Ocado is having to stump up hundreds of millions to fund a lot of the Customer Fulfilment Centres itself - a far cry from the capital-light tech business investors had once expected.
The Solutions division continues to burn through cash at a heady rate. That isn't likely to change for some time. In fact it's pretty hard to know when this will change, because the centres are long term investments. So while landing the deals is key, it'll be years before we know if they'll pay off.
In terms of liquidity we don't have any immediate concerns, with access to over £2bn in gross cash sitting on the balance sheet at the last count. We don't doubt that Ocado has a great product, and it's well placed to capture a shift to online shopping. But it's crucial the expected wave of new deals comes to fruition. If things don't go to plan it's going to be a while before Ocado can ask investors to open their wallets again.
It's important to take Ocado's valuation into account too. Its thin profits makes it harder to value than a more traditional company. Looking on a purely sales basis, the shares change hands for over three times more than the ten year average. That means if the Solutions business falters, so could the share price.
Ocado key facts
- Price/Sales ratio: 7.2
- 10 year average Price/Sales ratio: 2.2
- Prospective yield: 0.0%
Please remember yields are variable and not a reliable indicator of future income.
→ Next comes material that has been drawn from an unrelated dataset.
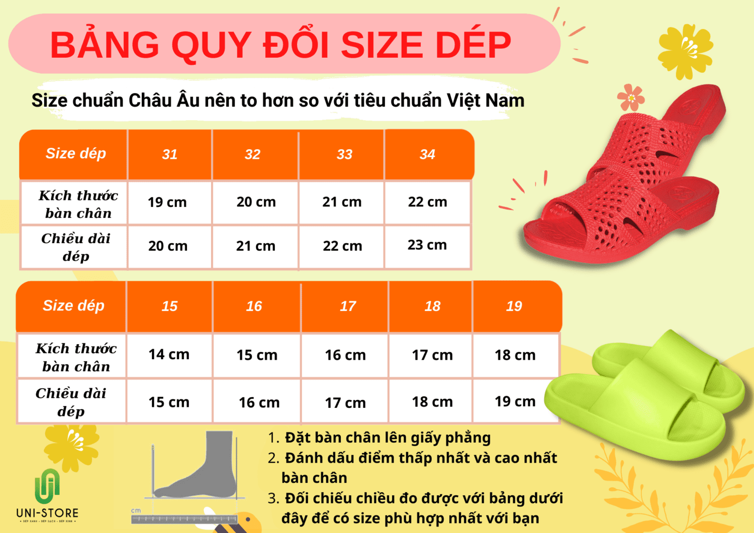 Với thiết kế nhẹ nhàng cùng chất liệu EVA, trọng lượng đôi dép chỉ từ 222 gram, Dép Tổ Ong sẽ là người bạn đồng hành lý tưởng cho mọi hoạt động, giúp bạn có thể di chuyển một cách linh hoạt, đồng thời vẫn mang lại cảm giác cực kỳ êm ái thoải mái cho đôi chân của bạn. Dép xuất khẩu Châu Âu nên size rộng hơn size bình thường cỡ 2 size - Quý khách tham khảo bảng size sau:

Keep in mind key figures shouldn't be looked at on their own - it's important to understand the big picture.
Third quarter trading details
The improved retail revenue reflects increased demand for online groceries and the positive effect of last year's weaker Q3 sales. Order sizes are continuing to normalise following the peaks seen in lockdowns, but are still higher than pre-crisis levels.
The average number of orders per week rose 9.6% to 345,000 and the average order size was £141.
The Marks & Spencer launch increased the average number of items per basket by five, and the weighting of M&S products compared to Ocado items is higher than the preceding retail partner, Waitrose.
Ocado is on track to increase capacity by 40% through to 2021.